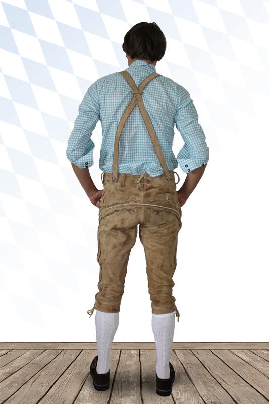Durch Hirschlederbänder hinten am Bund und an den Beinenden können Sie die Lederhose individuell auf ihren Körper anpassen.
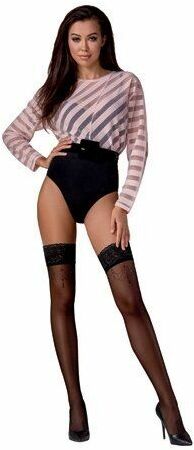 Продемонстрируйте высший пилотаж женственности, нежности и легкости, купите чулки Passion ST120 3/4 черные, на ажурной силиконовой резинке, с изысканным декором и люрексовой нитью.
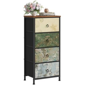 LARGE CAPACITY CHEST OF DRAWERS: This side drawer cabinet offers 4 large capacity drawers, providing ideal storage space for your clothes, blankets, toys and more. The top can be used to hold vases, ornaments, books, mobile phones, etc. UNIQUE AND CHIC LOOK: The sturdy non-woven fabric drawers are designed with retro flower patterns on the front, which is beautiful and unique. Paired with the metal ring drawer pulls, this chest of drawers is not only a practical piece of furniture, but also a perfect decorative piece STABLE AND STRONG CONSTRUCTION: The structure of this 4-drawer chest is made of metal and high-quality engineered wood; equipped with adjustable feet to keep it stable even on slightly uneven floors; the included anti-tip device provides extra stability and safety. All these ensure the longevity of the cabinet MULTIFUNCTIONAL CABINET OF DRAWERS: This drawer unit is compact and stylish, whether it's used in the bedroom, living room, children's room, hallway or cloakroom as
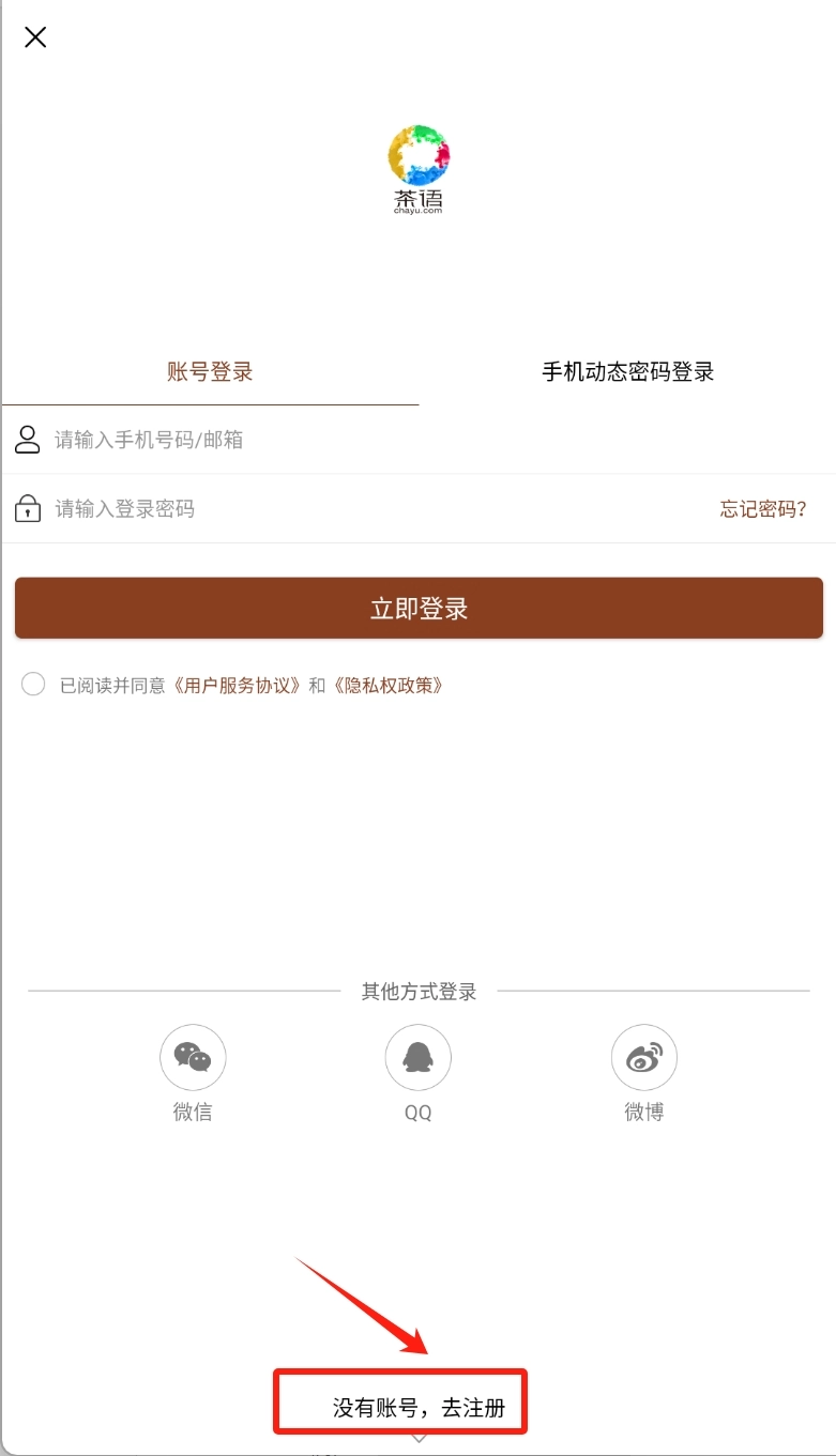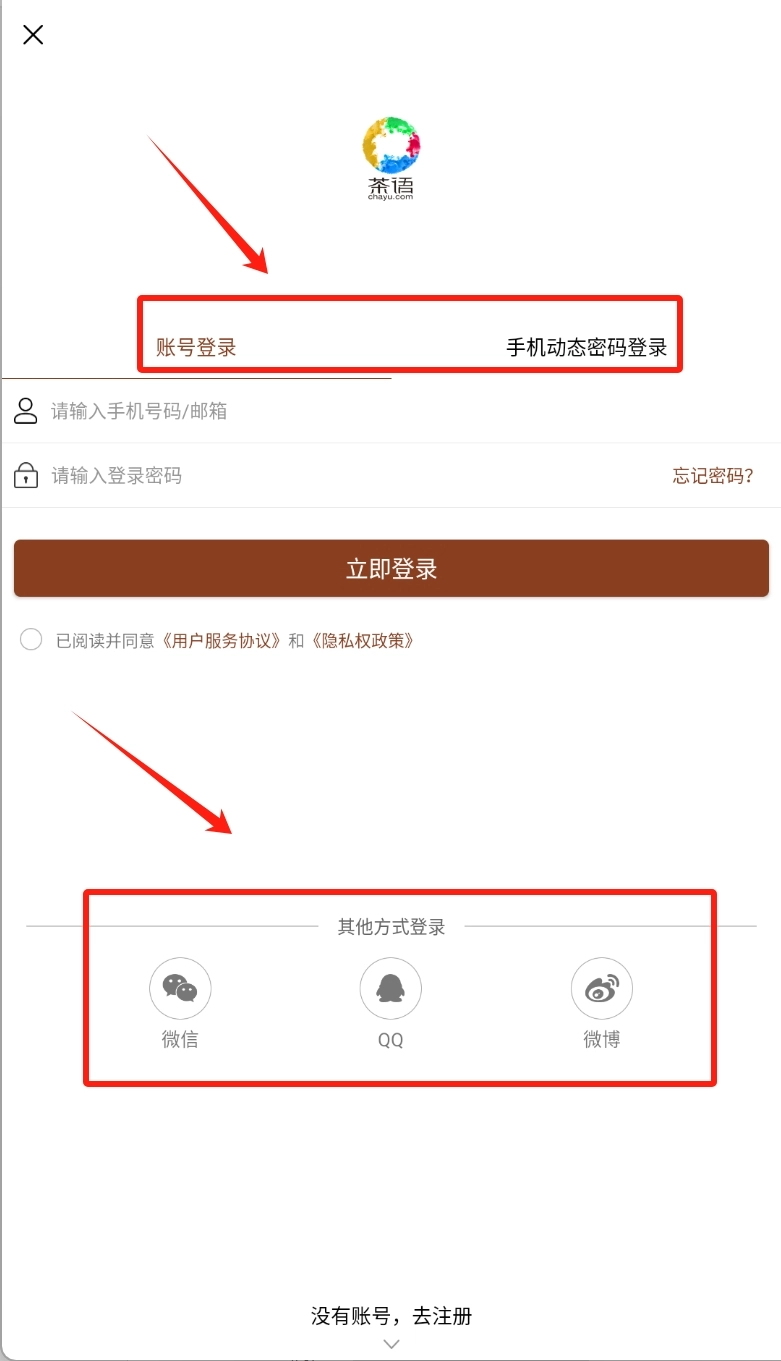 打开茶语首页,有多渠道可以登录。
──────────
WHAT YOU NEED TO DO: Beginning at the line that contains "LARGE CAPACITY CHEST", transcribe it and every later line through the last line of the data above, exactly, and drop the pictures.

SOLUTION TO THIS EXERCISE:
 LARGE CAPACITY CHEST OF DRAWERS: This side drawer cabinet offers 4 large capacity drawers, providing ideal storage space for your clothes, blankets, toys and more. The top can be used to hold vases, ornaments, books, mobile phones, etc. UNIQUE AND CHIC LOOK: The sturdy non-woven fabric drawers are designed with retro flower patterns on the front, which is beautiful and unique. Paired with the metal ring drawer pulls, this chest of drawers is not only a practical piece of furniture, but also a perfect decorative piece STABLE AND STRONG CONSTRUCTION: The structure of this 4-drawer chest is made of metal and high-quality engineered wood; equipped with adjustable feet to keep it stable even on slightly uneven floors; the included anti-tip device provides extra stability and safety. All these ensure the longevity of the cabinet MULTIFUNCTIONAL CABINET OF DRAWERS: This drawer unit is compact and stylish, whether it's used in the bedroom, living room, children's room, hallway or cloakroom as
 打开茶语首页,有多渠道可以登录。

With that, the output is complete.